Enfin aller à l’infini en un temps fini nécessite d’acquérir une énergie cinétique qui tend vers l’infini. Puisque l’énergie totale (cinétique+potentielle) du système est conservée, il faut bien puiser cette énergie quelque part : elle proviendra de l’énergie potentielle qui peut tendre vers moins l’infini quand 2 particules deviennent de plus en plus proches l’une de l’autre.
Échauffement pour commencer : un ménage à trois particules
En ayant en tête les principes énoncés ci-dessus, on peut se faire une idée de la construction réalisée par Jeff Xia. Mais commençons par fabriquer un ménage à trois.

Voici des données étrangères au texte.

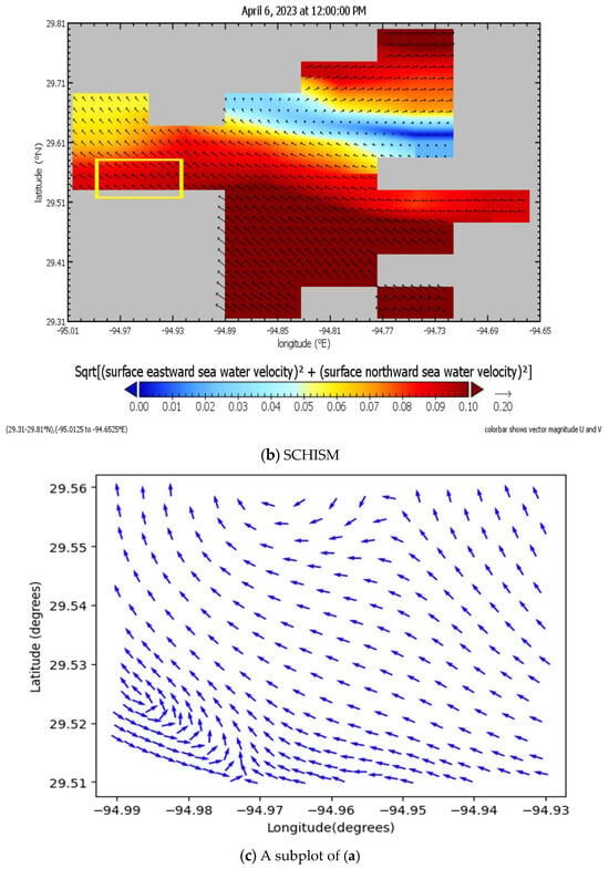 The qualitative analysis of the current vectors shown in Figure 8 above shows that the eastward currents dominated, particularly in the negative east direction (westward, south-westward, northwestward). Both methods capture these current directions at this time of the day further suggesting their capability in effectively detecting the predominant flow patterns within the bay. Again, the subplot (Figure 8c) is derived from just a portion of the bay (−94.99° E to −94.93° E and 29.51° N to 29.56° N), whereas the radar plot (Figure 8b) represents the entire bay. The part of the bay equivalent to the subplot (Figure 8c) is shown by the box with a yellow outline.

Considérons un système de 2 particules de masses égales qui tournent l’une autour de l’autre dans un plan horizontal. On choisit des orbites très excentrées qui forment donc des ellipses très allongées et quasi-alignées. Appelons ces 2 particules, le « système binaire ».
On ajoute ensuite une 3ème particule, plus massive, qui se déplace perpendiculairement au plan précédent en se dirigeant vers lui. Appelons cette particule la « navette ».
On suppose que le tout est synchronisé de manière à ce que les particules qui forment le système binaire atteignent leur rapprochement maximum juste après que la navette ait croisé le plan de l’orbite.
Le scénario est alors le suivant :
Acte 1 : La navette s’approche du binaire. Puisque les orbites elliptiques sont très excentrées, les particules qui composent le binaire sont relativement éloignées durant cette phase d’approche, et exercent une influence faible sur la navette.
Acte 2 : Juste après avoir croisé le plan, les 2 particules du binaire sont très proches et exercent une force de rappel maximale sur la navette, la faisant repartir dans la direction opposée.
Acte 3 : Dès que la navette a recroisé le plan des orbites en sens inverse, les 2 particules se trouvent à nouveau assez éloignées. En revanche par effet de recul (conservation de l’impulsion), l’ensemble du binaire recule en direction opposée.
Notons qu’au cours de l’opération, le binaire a été affecté par le passage de la navette : les 2 particules qui composent le système planétaire se sont globalement rapprochées, et donc l’énergie potentielle du système binaire a diminué, permettant l’augmentation de l’énergie cinétique de la navette.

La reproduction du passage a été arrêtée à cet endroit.